It may take a moment to run this script, as the movie reviews dataset is somewhat large. Let’s cover what is happening here.

After importing the data set we want, you see:

documents = [(list(movie_reviews.words(fileid)), category)
             for category in movie_reviews.categories()
             for fileid in movie_reviews.fileids(category)]

Basically, in plain English, the above code is translated to: In each category (we have pos or neg), take all of the file IDs (each review has its own ID), then store the word_tokenized version (a list of words) for the file ID, followed by the positive or negative label in one big list.

Next, we use random to shuffle our documents. This is because we’re going to be training and testing. If we left them in order, chances are we’d train on all of the negatives, some positives, and then test only against positives.

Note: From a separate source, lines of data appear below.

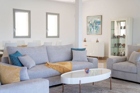 It is located in a natural environment, surrounded by golf and mountain, providing nice open views to those, panoramic sea view from the solarium and good sea view from some areas of the house.
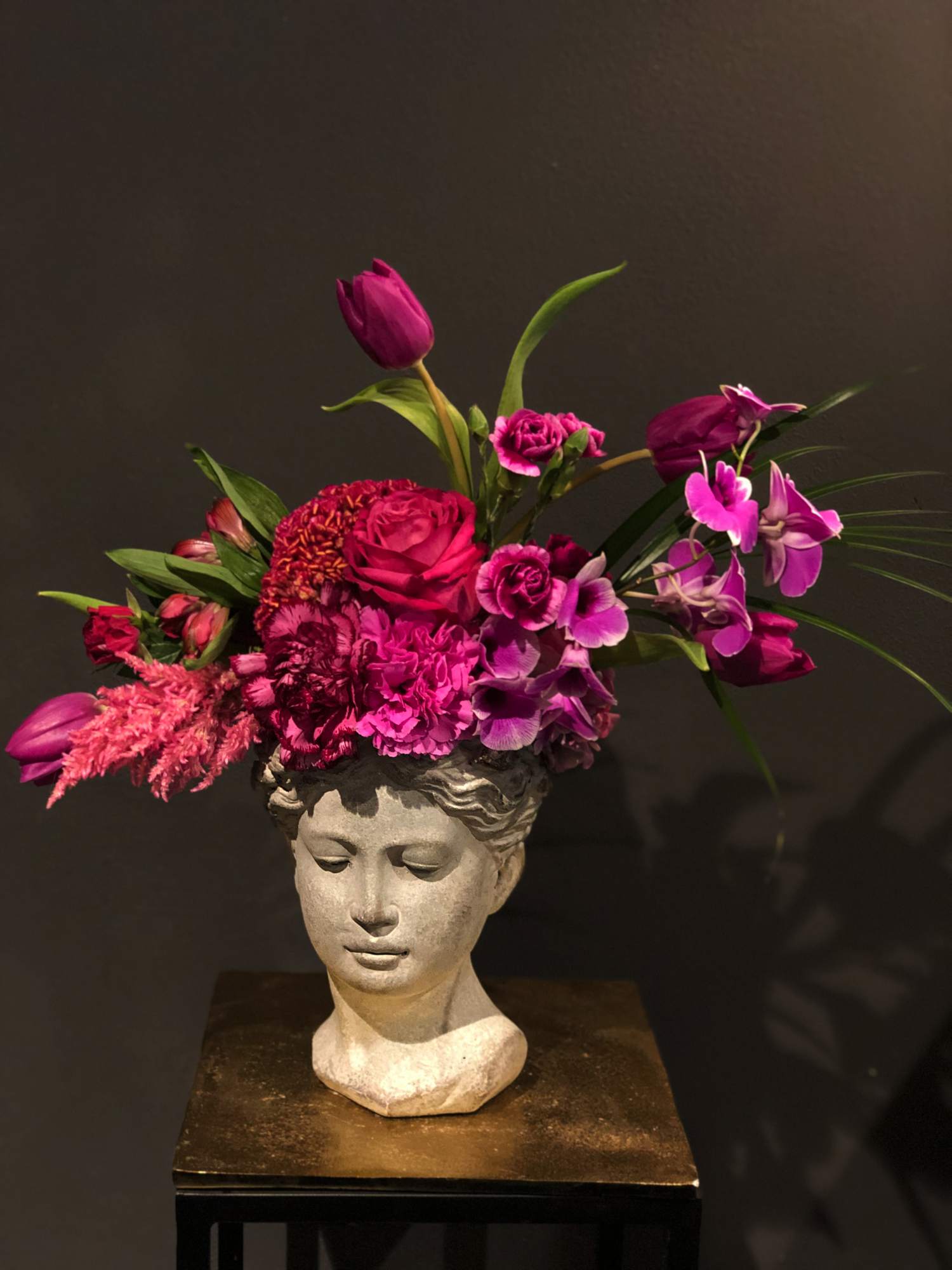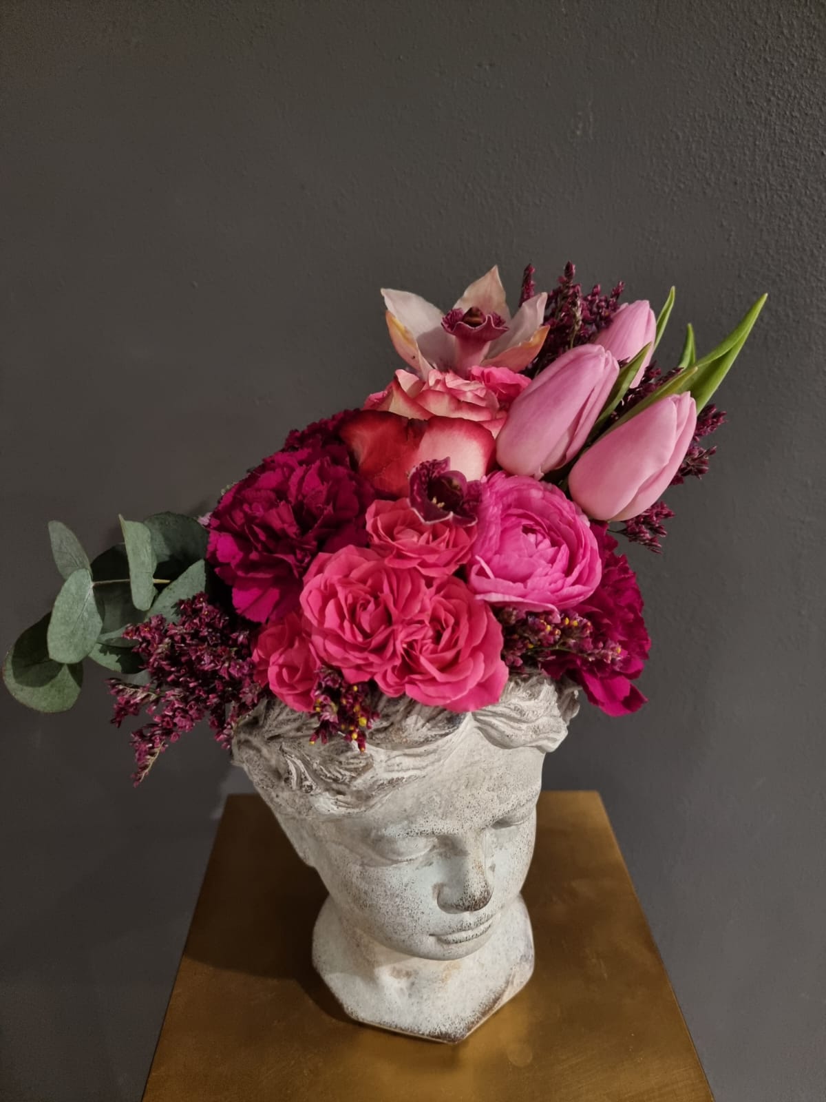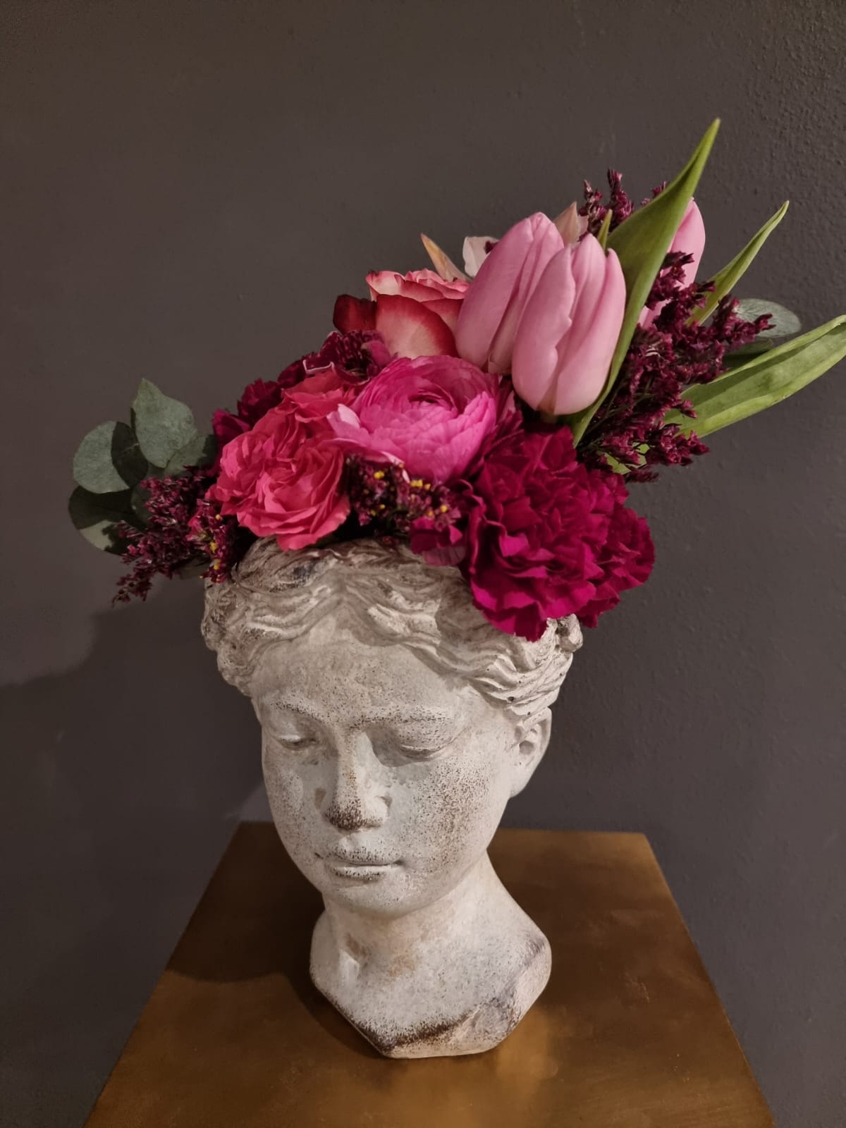Vaso testa in cemento, Altezza 20 cm, con fiori freschi. I fiori variano secondo stagionalità e disponibilità.
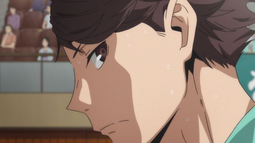 影山の最後のトスのシーンに、及川さんの顔がうつった時、その顔が何か悔しげに見えた。似た場面で及川は両手でトス上げたけど、影山は片手でみたいな…。あきらかに考えすぎだけど、見てて「あっ」て思ったんだ。
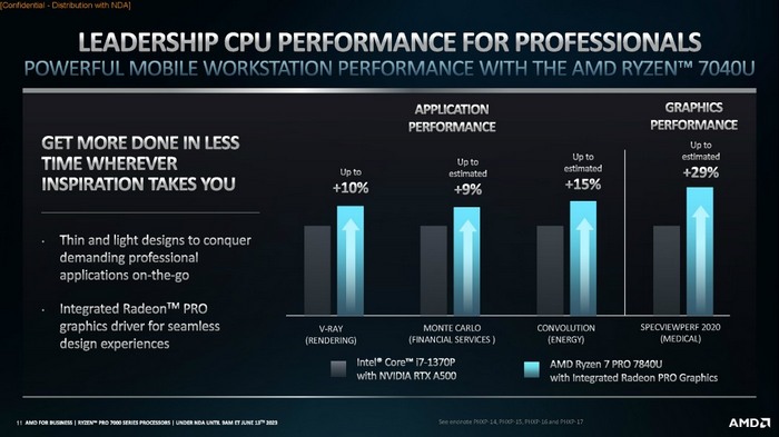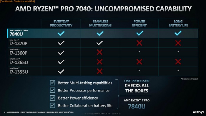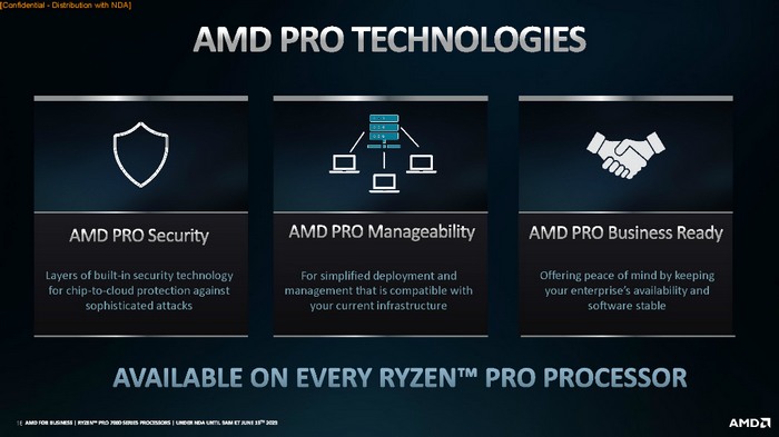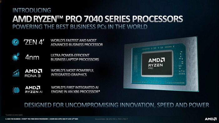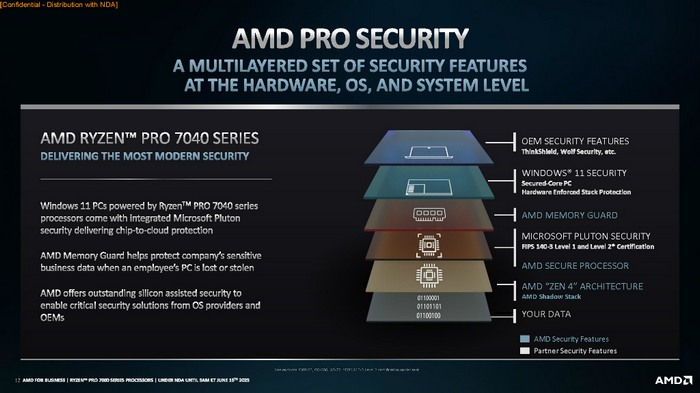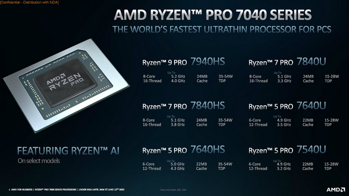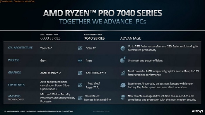 刚刚,AMD发布了锐龙 PRO 7000 系列移动版处理器,针对商用本,在消费级锐龙7040系列基础上增加了安全性以及Ryzen AI技术。
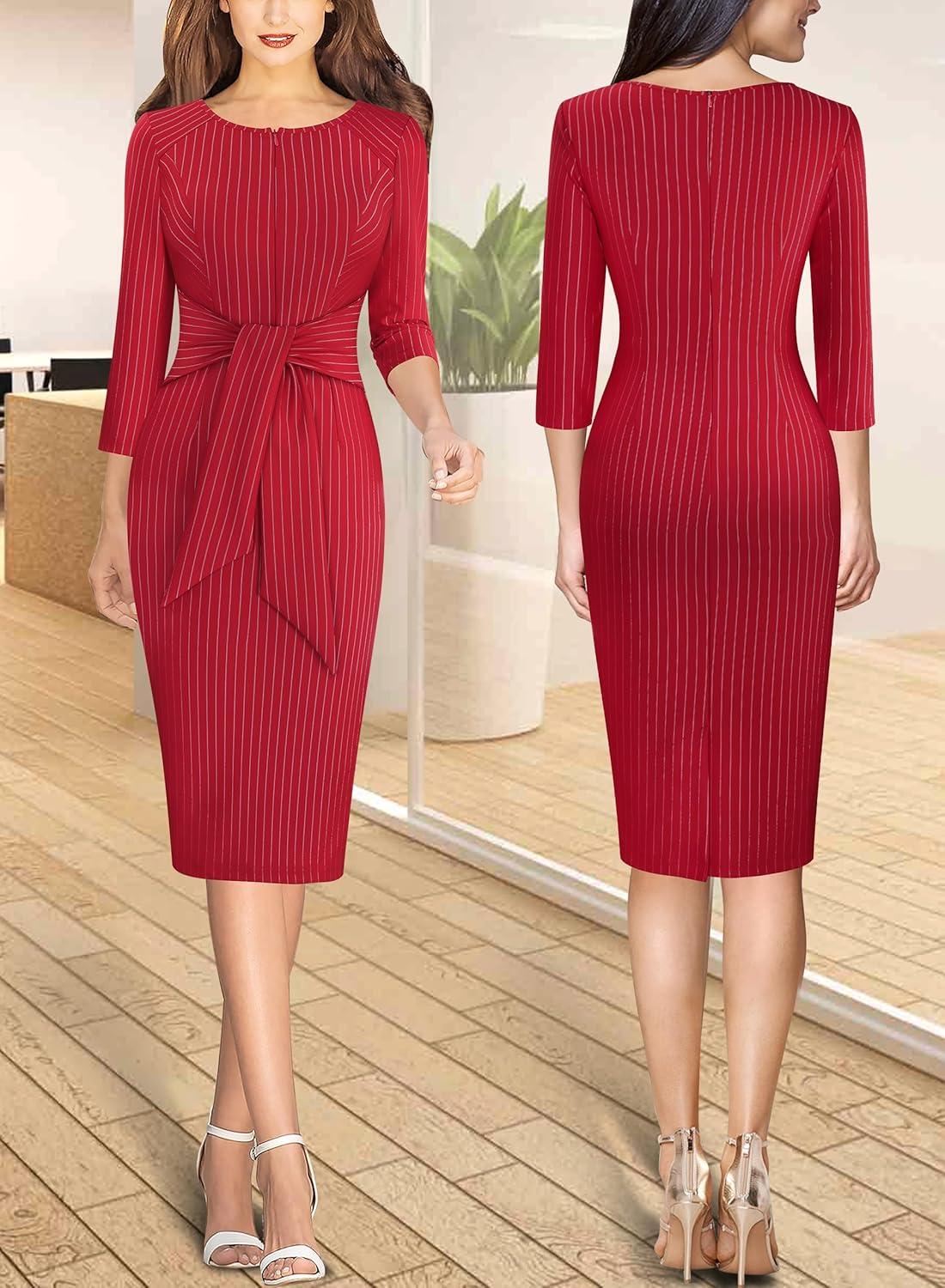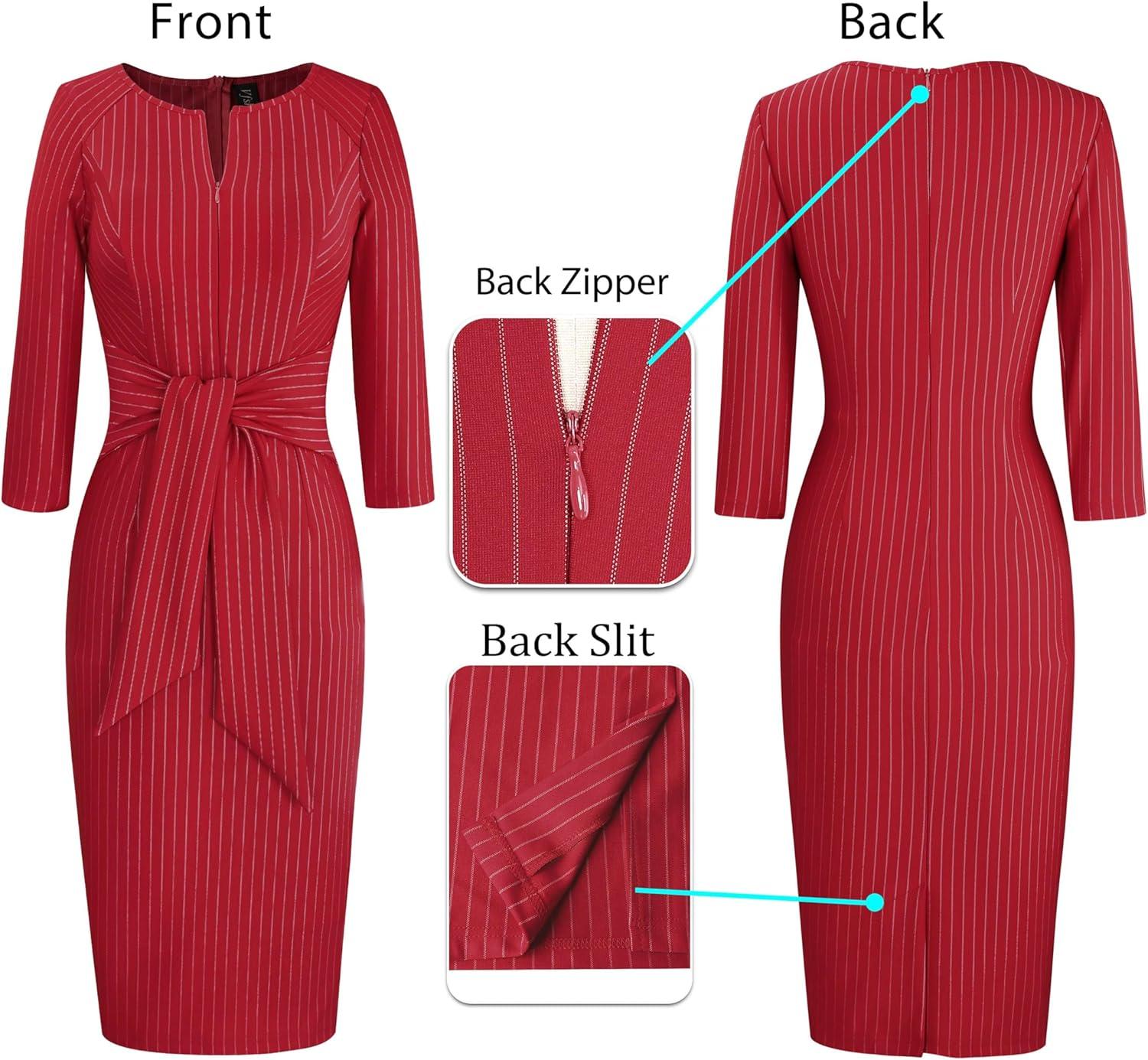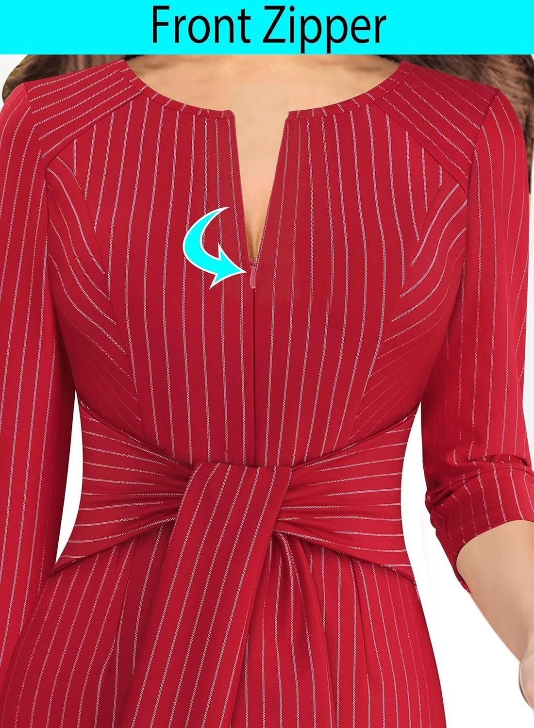 Be the first to review “VFSHOW Womens Front Zipper Tie Waist Bow 3/4 Sleeve Slim Fitted Work Business Office Party Bodycon Pencil Sheath Dress(Red With White Stripes)” Cancel reply
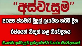 ජනවාරි අස්වැසුම මුදල් බැංකුවට වැටෙන හරිම දිනය 😍 | aswesuma news today | aswesuma january 2026
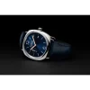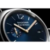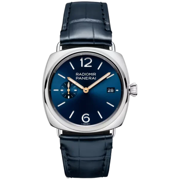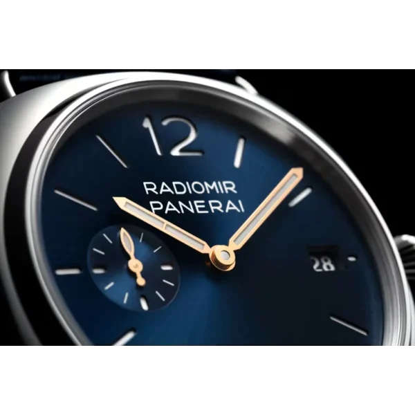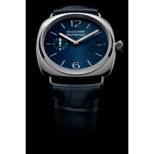Blue sun-brushed with luminous Arabic numerals and hour markers. Date at 3 o’clock and small seconds at 9 o’clock
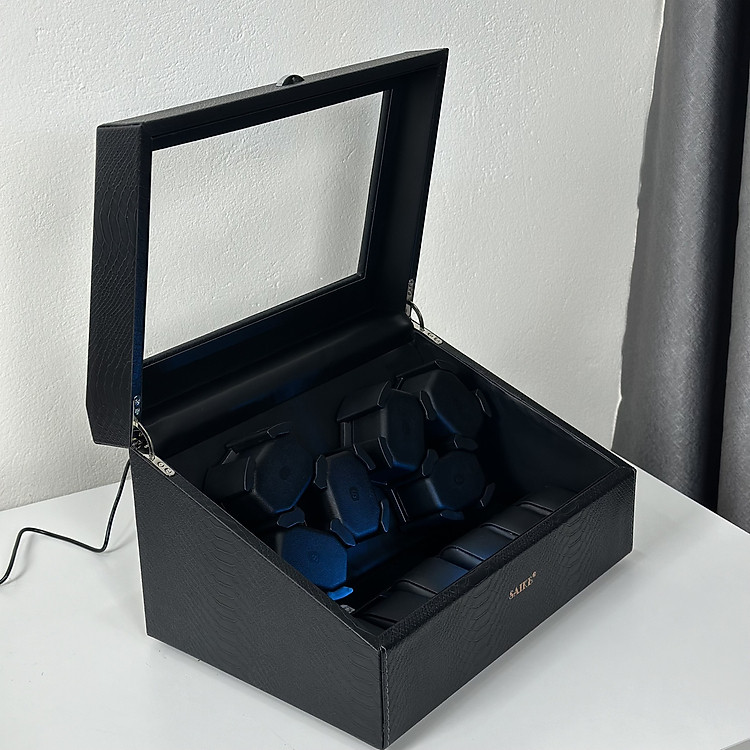 Thông tin sản phẩm:Hộp Đồng Hồ Cơ 6 Xoay + 6 Tĩnh SAIKE Vỏ Da Sần Dày Có Đèn Led- Thương hiệu: SAIKE- Chất liệu: thân phôi là gỗ MDF, bảng bên trong là ABS + MDF + gối mút xốp có đàn hồi, vỏ ngoài …

We don’t want that, so we shuffle the data.

Then, just so you can see the data you are working with, we print out documents[1], which is a big list, where the first element is a list the words, and the 2nd element is the “pos” or “neg” label.

Next, we want to collect all words that we find, so we can have a massive list of typical words. From here, we can perform a frequency distribution, to then find out the most common words. As you will see, the most popular “words” are actually things like punctuation, “the,” “a” and so on, but quickly we get to legitimate words. We intend to store a few thousand of the most popular words, so this shouldn’t be a problem.

print(all_words.most_common(15))

[(',', 77717), ('the', 76529), ('.', 65876), ('a', 38106), ('and', 35576), ('of', 34123), ('to', 31937), ("'", 30585), ('is', 25195), ('in', 21822), ('s', 18513), ('"', 17612), ('it', 16107), ('that', 15924), ('-', 15595)]

The above gives you the 15 most common words. You can also find out how many occurences a word has by doing:

print(all_words["stupid"])

Next up, we’ll begin storing our words as features of either positive or negative movie reviews.

14. CONVERTING WORDS TO FEATURES

we are compiling the feature lists of words from positive reviews and words from the negative reviews to hopefully see trends in specific types of words in positive or negative reviews.

import nltk
import random
from nltk.corpus import movie_reviews

documents = [(list(movie_reviews.words(fileid)), category)
             for category in movie_reviews.categories()
             for fileid in movie_reviews.fileids(category)]

random.shuffle(documents)

all_words = []

for w in movie_reviews.words():
    all_words.append(w.lower())

all_words = nltk.FreqDist(all_words)

word_features = list(all_words.keys())[:3000]

Mostly the same as before, only with now a new variable, word_features, which contains the top 3,000 most common words. Next, we’re going to build a quick function that will find these top 3,000 words in our positive and negative documents, marking their presence as either positive or negative:

def find_features(document):
    words = set(document)
    features = {}
    for w in word_features:
        features[w] = (w in words)

    return features

Next, we can print one feature set like:

print((find_features(movie_reviews.words('neg/cv000_29416.txt'))))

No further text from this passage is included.